PROBLEM TO WORK ON » All pictures are to be skipped; retype only the lines from the top of the entries through the line with "For instance, when", both included.

[Records contained in a dataset]
···

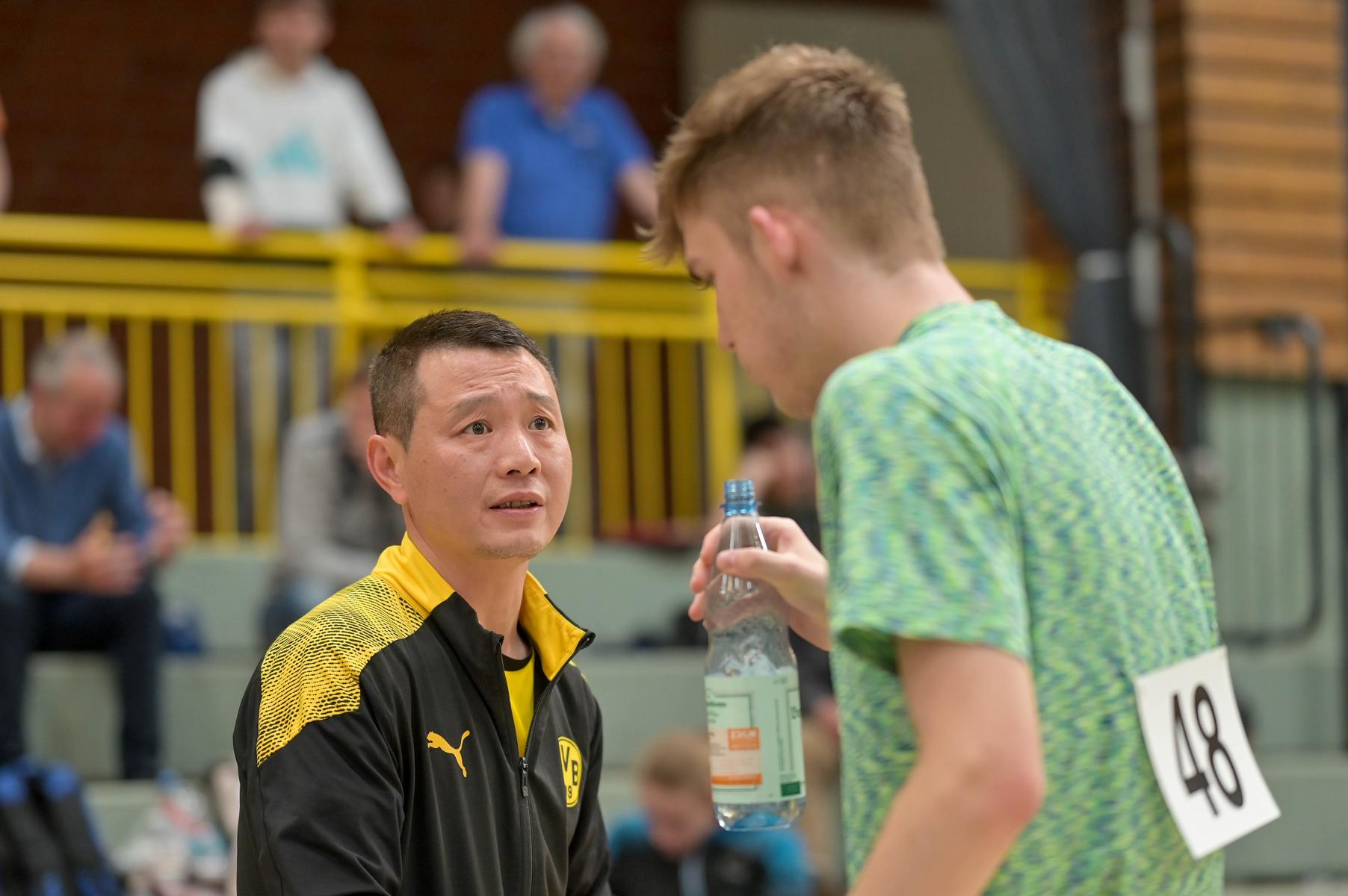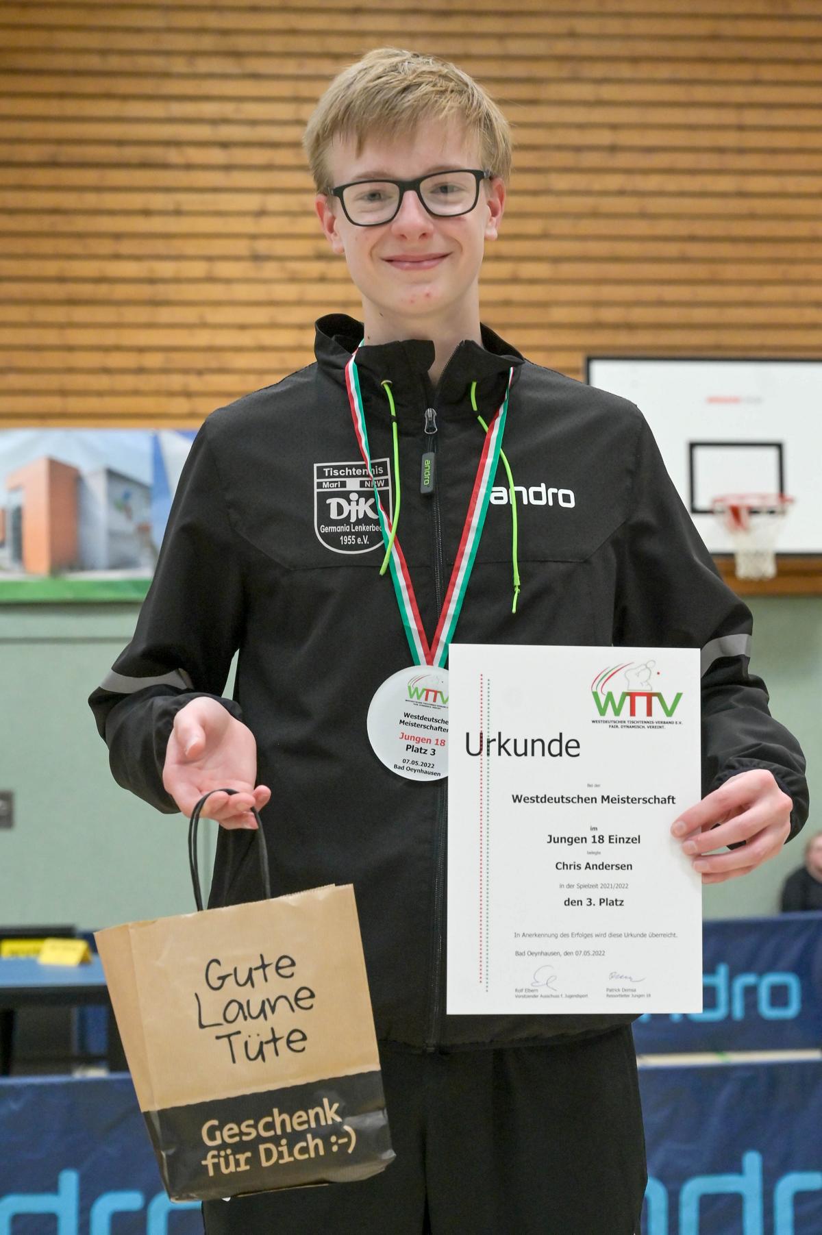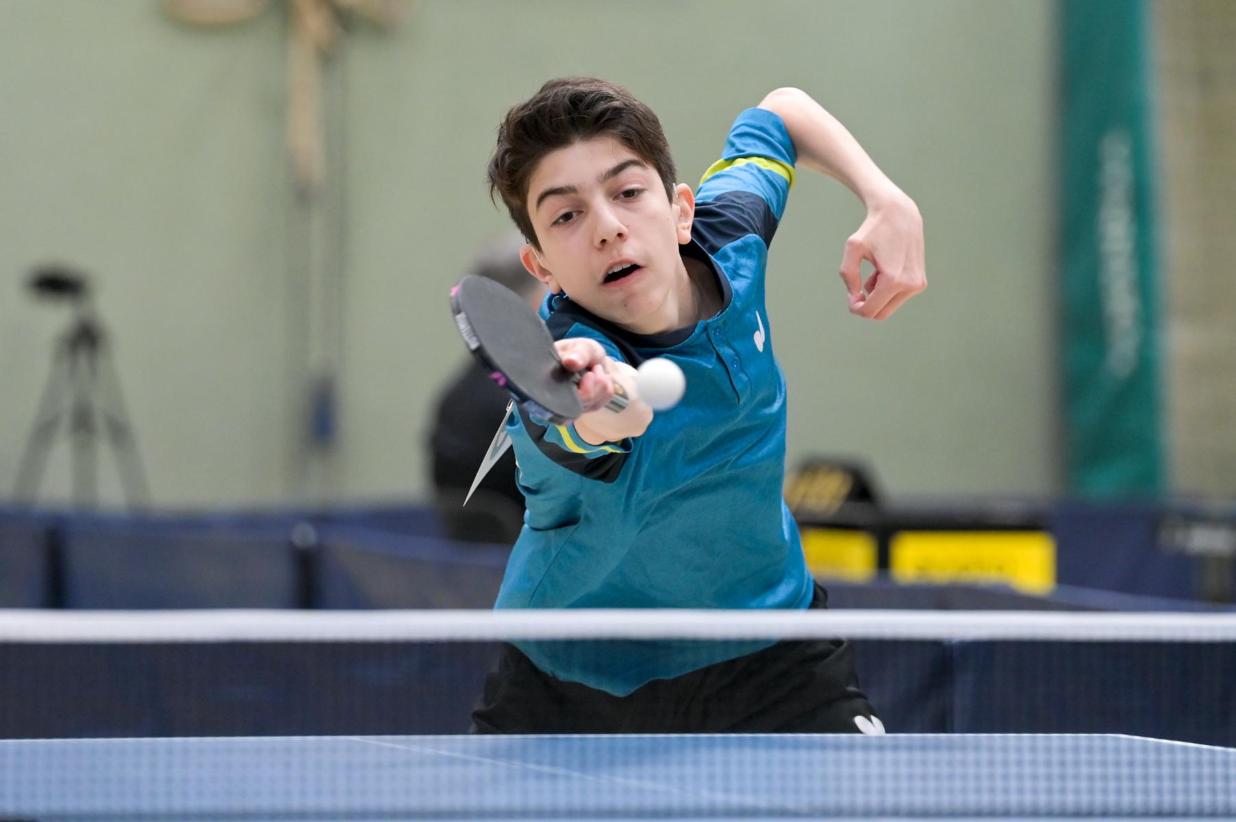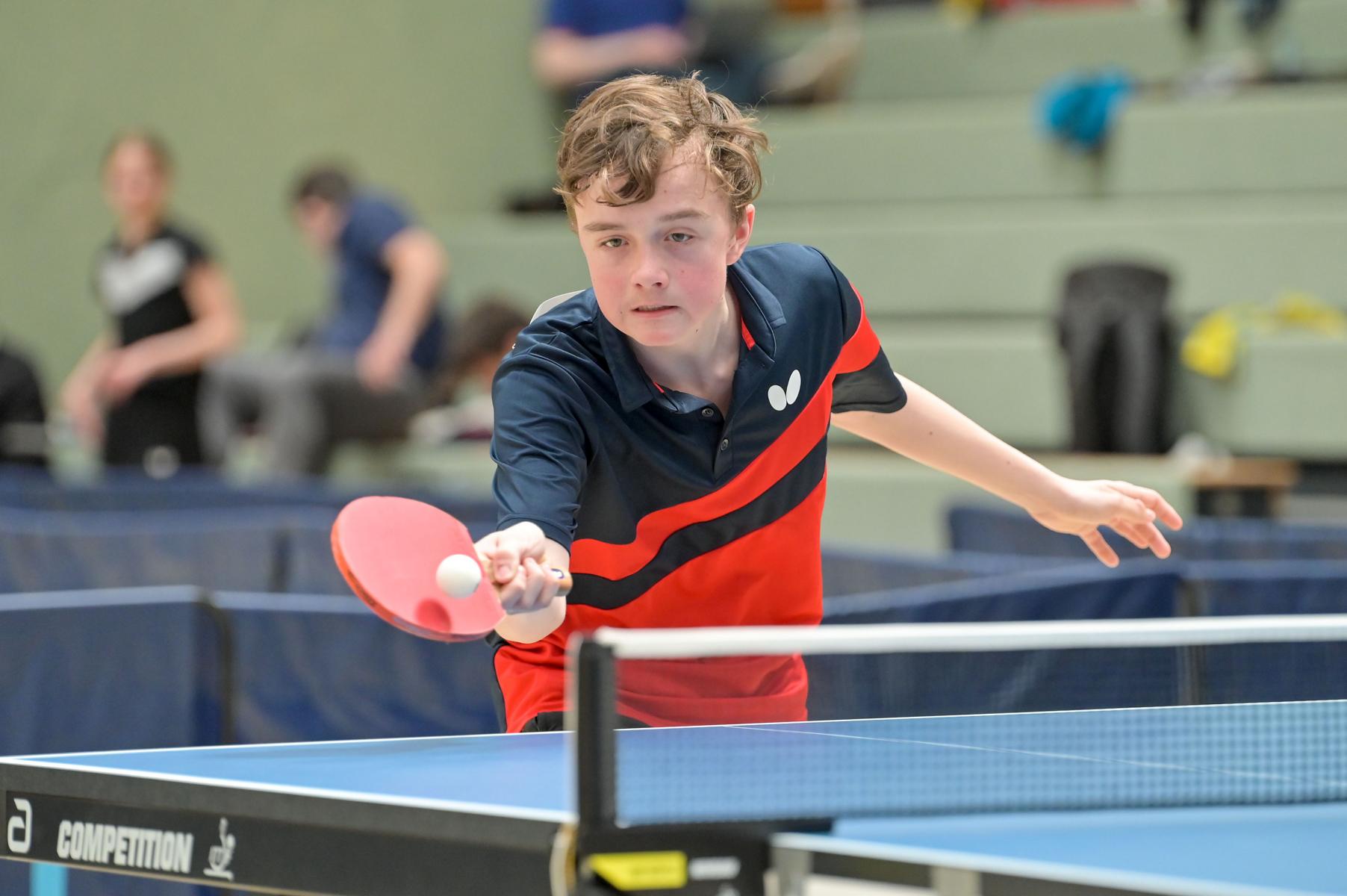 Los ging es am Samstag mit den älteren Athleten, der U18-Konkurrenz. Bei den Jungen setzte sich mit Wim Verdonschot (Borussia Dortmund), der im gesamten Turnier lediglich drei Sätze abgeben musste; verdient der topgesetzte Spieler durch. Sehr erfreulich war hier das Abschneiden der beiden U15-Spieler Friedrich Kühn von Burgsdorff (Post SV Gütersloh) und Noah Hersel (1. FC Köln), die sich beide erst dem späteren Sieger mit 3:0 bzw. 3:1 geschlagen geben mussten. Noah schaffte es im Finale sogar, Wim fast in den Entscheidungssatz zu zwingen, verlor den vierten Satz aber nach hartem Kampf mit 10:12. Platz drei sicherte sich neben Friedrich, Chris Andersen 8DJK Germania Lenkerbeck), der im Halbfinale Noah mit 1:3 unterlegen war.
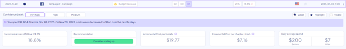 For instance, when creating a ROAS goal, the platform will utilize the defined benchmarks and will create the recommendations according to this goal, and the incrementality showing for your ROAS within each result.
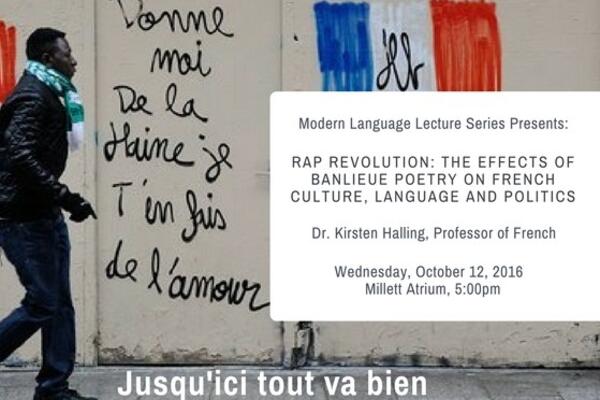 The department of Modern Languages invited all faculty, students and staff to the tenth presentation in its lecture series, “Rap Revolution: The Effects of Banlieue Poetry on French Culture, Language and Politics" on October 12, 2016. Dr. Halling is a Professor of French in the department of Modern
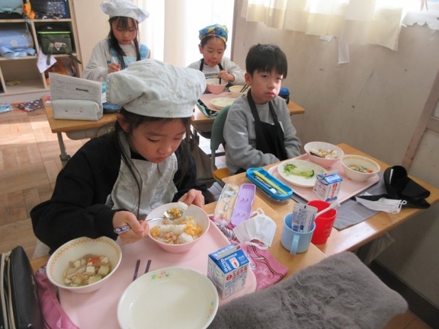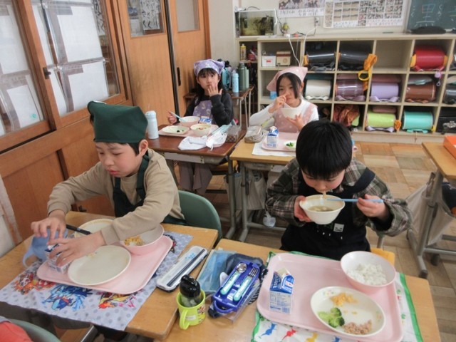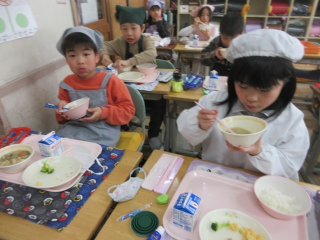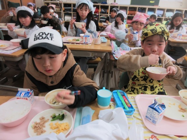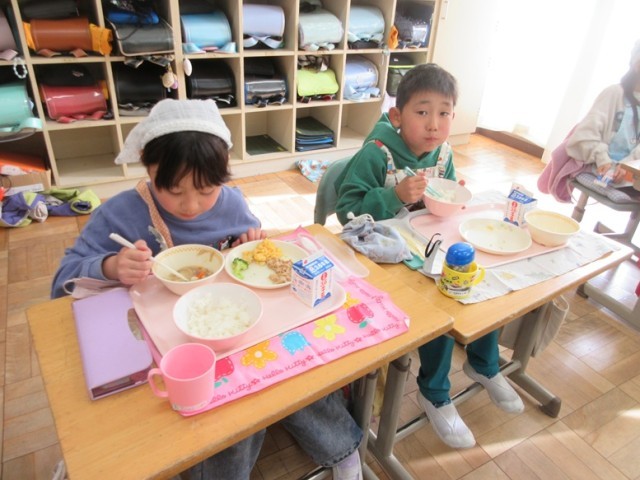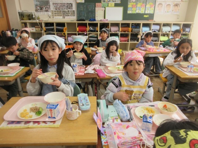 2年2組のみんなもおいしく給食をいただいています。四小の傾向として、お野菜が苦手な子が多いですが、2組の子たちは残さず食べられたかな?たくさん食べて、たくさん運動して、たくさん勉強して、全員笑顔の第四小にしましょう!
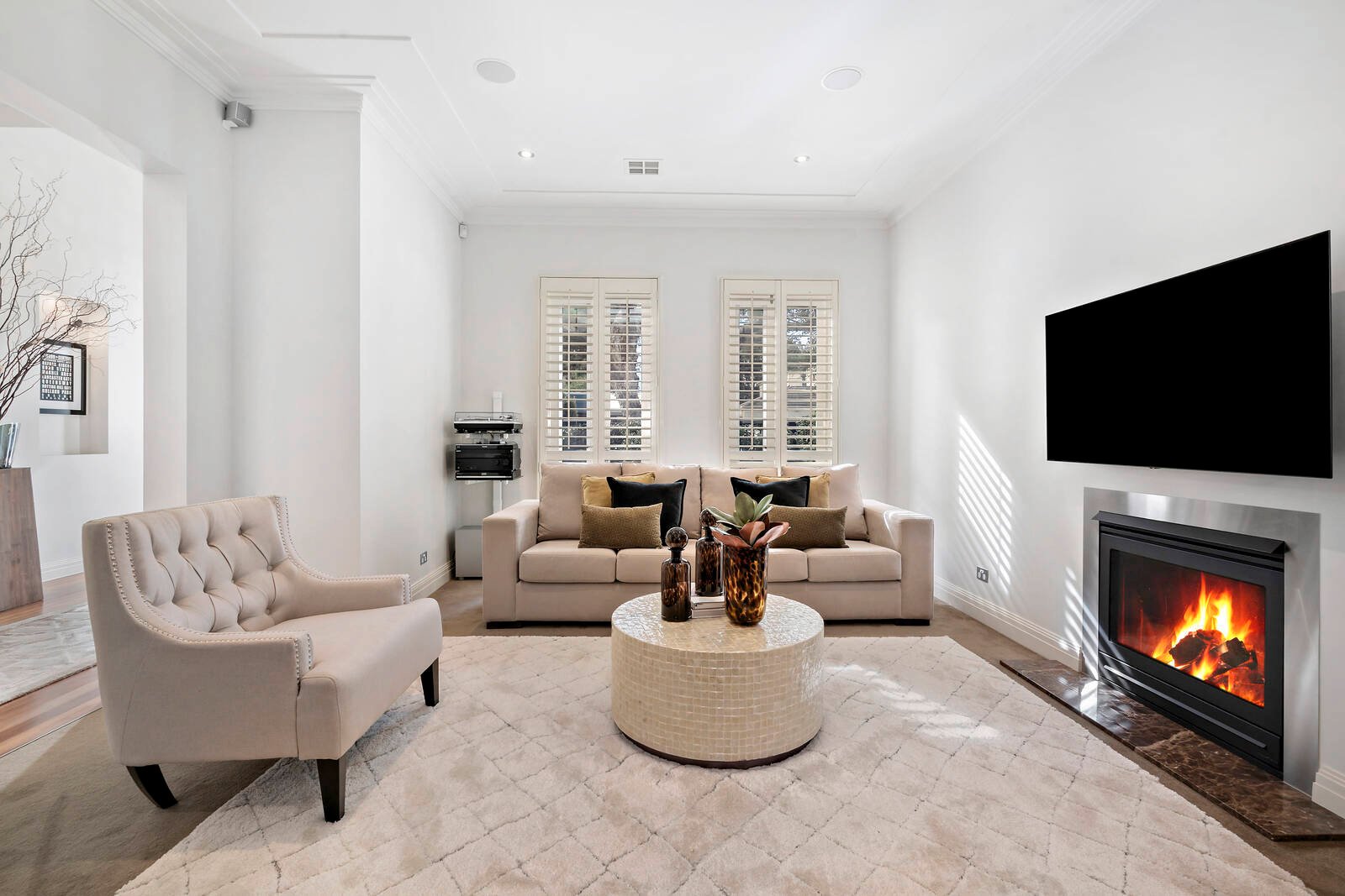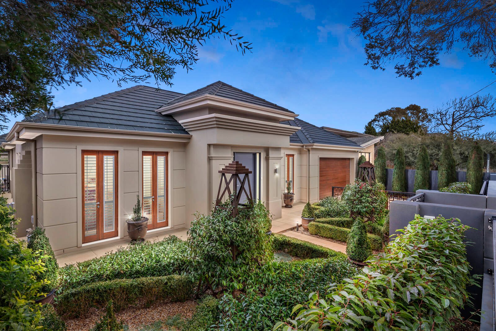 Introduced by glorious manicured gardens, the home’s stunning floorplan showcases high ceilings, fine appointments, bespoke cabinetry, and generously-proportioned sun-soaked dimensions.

···

FINISHED TASK »
 Los ging es am Samstag mit den älteren Athleten, der U18-Konkurrenz. Bei den Jungen setzte sich mit Wim Verdonschot (Borussia Dortmund), der im gesamten Turnier lediglich drei Sätze abgeben musste; verdient der topgesetzte Spieler durch. Sehr erfreulich war hier das Abschneiden der beiden U15-Spieler Friedrich Kühn von Burgsdorff (Post SV Gütersloh) und Noah Hersel (1. FC Köln), die sich beide erst dem späteren Sieger mit 3:0 bzw. 3:1 geschlagen geben mussten. Noah schaffte es im Finale sogar, Wim fast in den Entscheidungssatz zu zwingen, verlor den vierten Satz aber nach hartem Kampf mit 10:12. Platz drei sicherte sich neben Friedrich, Chris Andersen 8DJK Germania Lenkerbeck), der im Halbfinale Noah mit 1:3 unterlegen war.
 For instance, when creating a ROAS goal, the platform will utilize the defined benchmarks and will create the recommendations according to this goal, and the incrementality showing for your ROAS within each result.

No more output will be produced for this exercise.